**TO DO:** Exact reproduction is required for the lines below starting at the line with "4月10日上午,beat36" and ending at the line with "Gold-Plated 3.5 mm", both included. No other lines, and no pictures.

**TASK INPUT:**
════════════════════
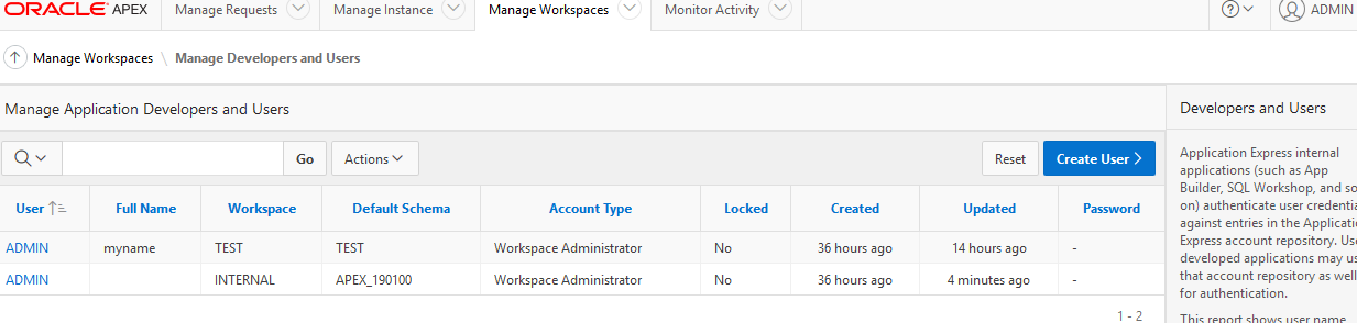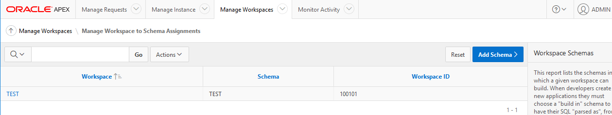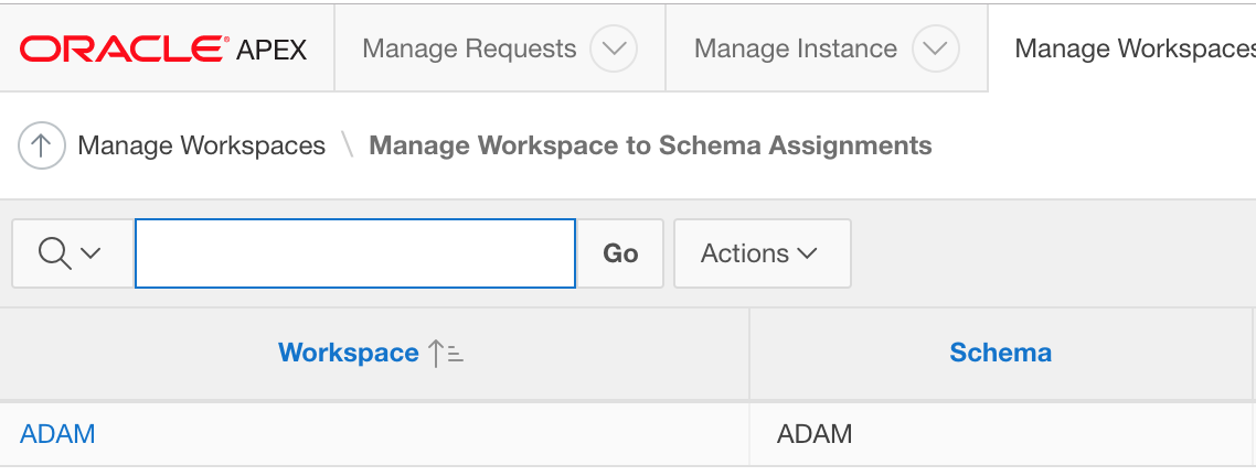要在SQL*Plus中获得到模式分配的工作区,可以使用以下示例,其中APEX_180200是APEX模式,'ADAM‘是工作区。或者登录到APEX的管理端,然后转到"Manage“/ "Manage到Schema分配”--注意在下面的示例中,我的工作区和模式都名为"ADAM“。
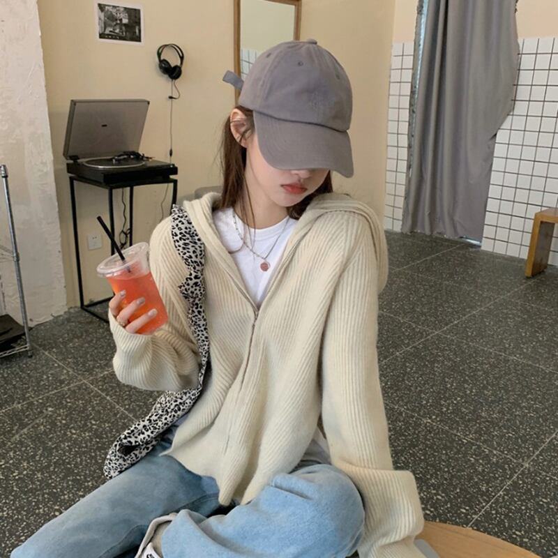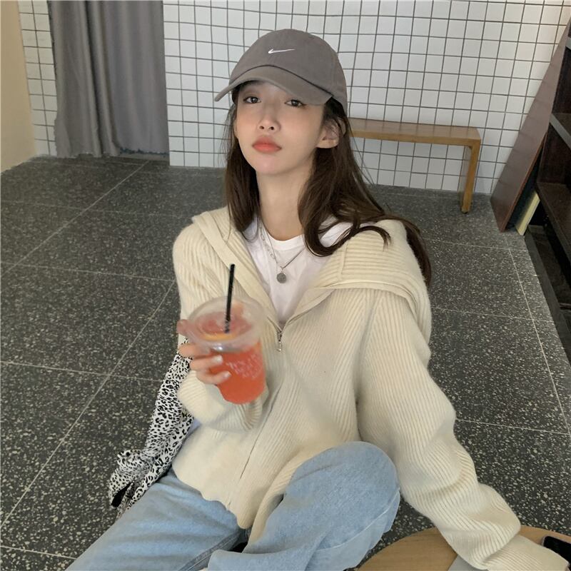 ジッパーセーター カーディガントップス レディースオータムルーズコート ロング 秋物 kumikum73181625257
════════════════════
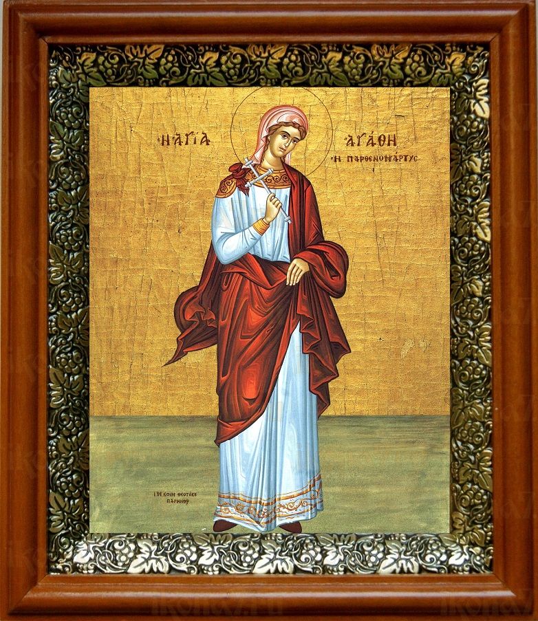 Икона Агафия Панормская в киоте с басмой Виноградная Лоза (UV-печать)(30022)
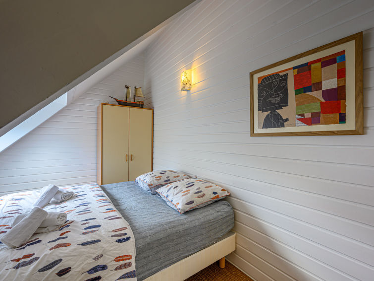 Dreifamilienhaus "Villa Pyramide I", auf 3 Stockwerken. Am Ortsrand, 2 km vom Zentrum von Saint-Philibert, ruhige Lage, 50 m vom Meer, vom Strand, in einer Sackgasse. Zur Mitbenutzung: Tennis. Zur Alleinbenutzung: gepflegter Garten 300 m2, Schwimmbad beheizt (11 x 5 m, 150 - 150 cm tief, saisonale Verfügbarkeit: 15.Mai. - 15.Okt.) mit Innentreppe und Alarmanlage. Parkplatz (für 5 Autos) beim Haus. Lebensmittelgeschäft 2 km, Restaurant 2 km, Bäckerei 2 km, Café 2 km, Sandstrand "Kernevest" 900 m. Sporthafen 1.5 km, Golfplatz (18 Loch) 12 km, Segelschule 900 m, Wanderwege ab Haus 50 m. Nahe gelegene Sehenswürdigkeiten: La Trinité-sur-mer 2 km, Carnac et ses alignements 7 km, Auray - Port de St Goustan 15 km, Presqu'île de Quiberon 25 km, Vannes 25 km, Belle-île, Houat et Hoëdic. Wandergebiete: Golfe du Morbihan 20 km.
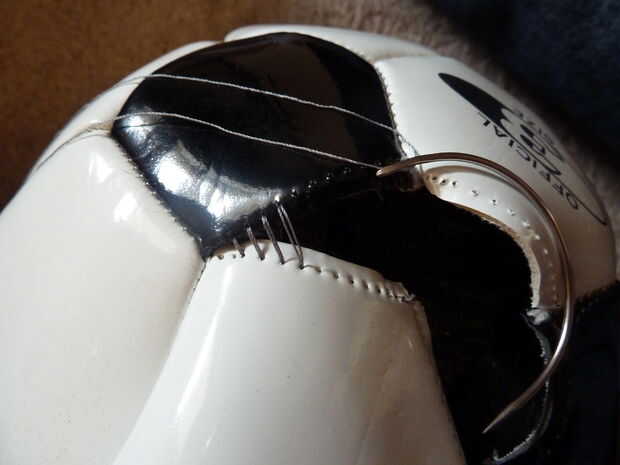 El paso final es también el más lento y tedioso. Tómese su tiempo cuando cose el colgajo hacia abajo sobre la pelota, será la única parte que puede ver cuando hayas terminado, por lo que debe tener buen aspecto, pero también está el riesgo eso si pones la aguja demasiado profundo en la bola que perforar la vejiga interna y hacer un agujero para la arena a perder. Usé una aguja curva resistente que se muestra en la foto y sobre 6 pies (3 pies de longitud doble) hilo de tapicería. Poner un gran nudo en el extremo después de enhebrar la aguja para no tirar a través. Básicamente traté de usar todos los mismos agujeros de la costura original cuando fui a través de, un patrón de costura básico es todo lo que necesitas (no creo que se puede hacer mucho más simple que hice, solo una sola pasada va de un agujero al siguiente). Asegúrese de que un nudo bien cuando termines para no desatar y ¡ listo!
════════════════════
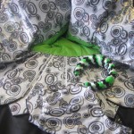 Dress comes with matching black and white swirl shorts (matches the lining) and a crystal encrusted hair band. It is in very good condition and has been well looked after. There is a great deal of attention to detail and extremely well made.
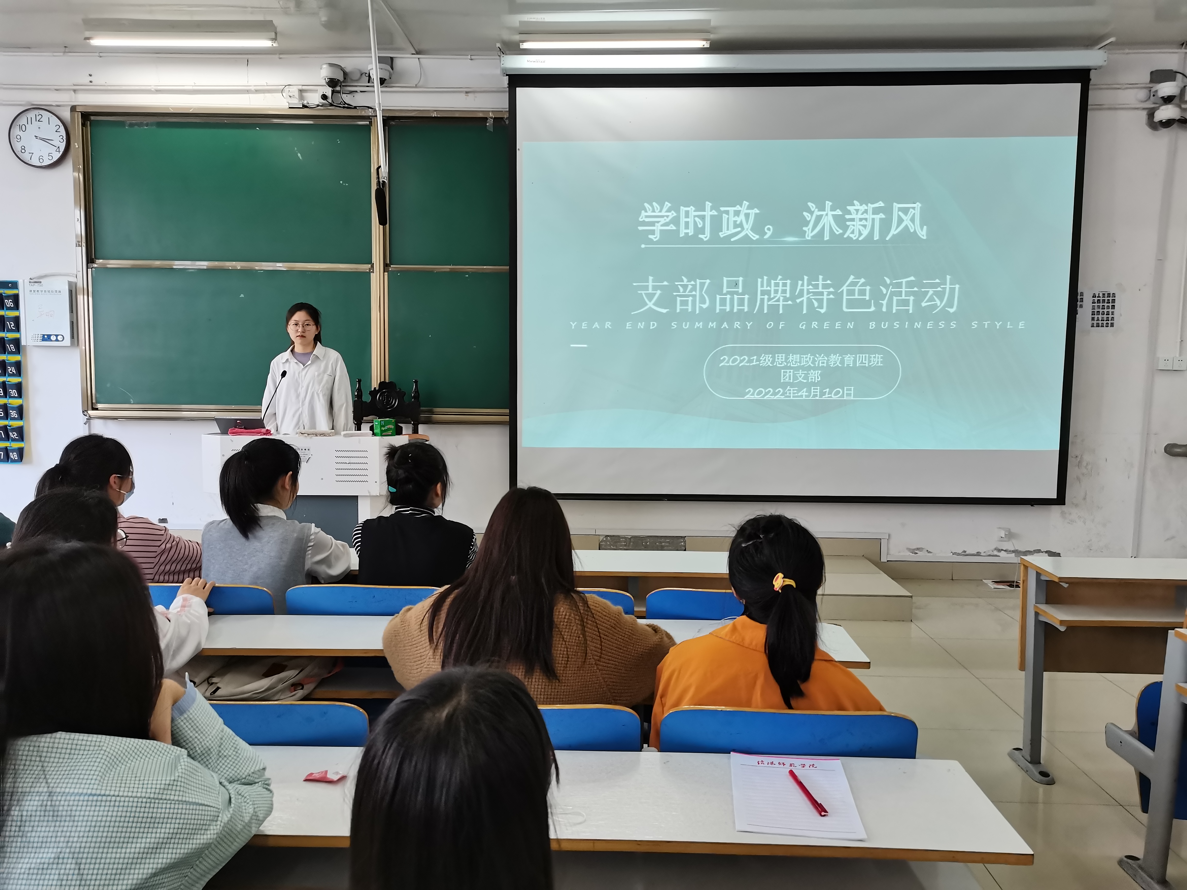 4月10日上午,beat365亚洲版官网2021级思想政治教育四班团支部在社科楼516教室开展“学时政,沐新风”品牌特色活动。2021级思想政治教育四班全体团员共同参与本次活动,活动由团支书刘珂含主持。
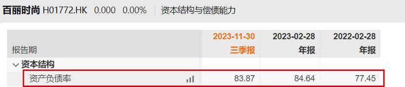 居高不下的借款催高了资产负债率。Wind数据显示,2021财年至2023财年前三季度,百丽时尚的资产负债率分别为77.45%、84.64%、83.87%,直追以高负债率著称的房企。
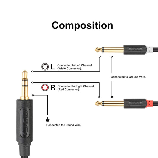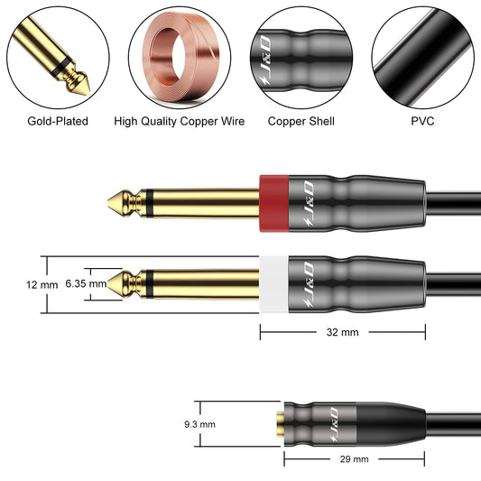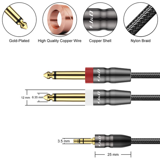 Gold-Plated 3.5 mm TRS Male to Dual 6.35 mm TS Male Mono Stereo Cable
════════════════════
**WRITTEN RESPONSE:**
 4月10日上午,beat365亚洲版官网2021级思想政治教育四班团支部在社科楼516教室开展“学时政,沐新风”品牌特色活动。2021级思想政治教育四班全体团员共同参与本次活动,活动由团支书刘珂含主持。
 居高不下的借款催高了资产负债率。Wind数据显示,2021财年至2023财年前三季度,百丽时尚的资产负债率分别为77.45%、84.64%、83.87%,直追以高负债率著称的房企。
 Gold-Plated 3.5 mm TRS Male to Dual 6.35 mm TS Male Mono Stereo Cable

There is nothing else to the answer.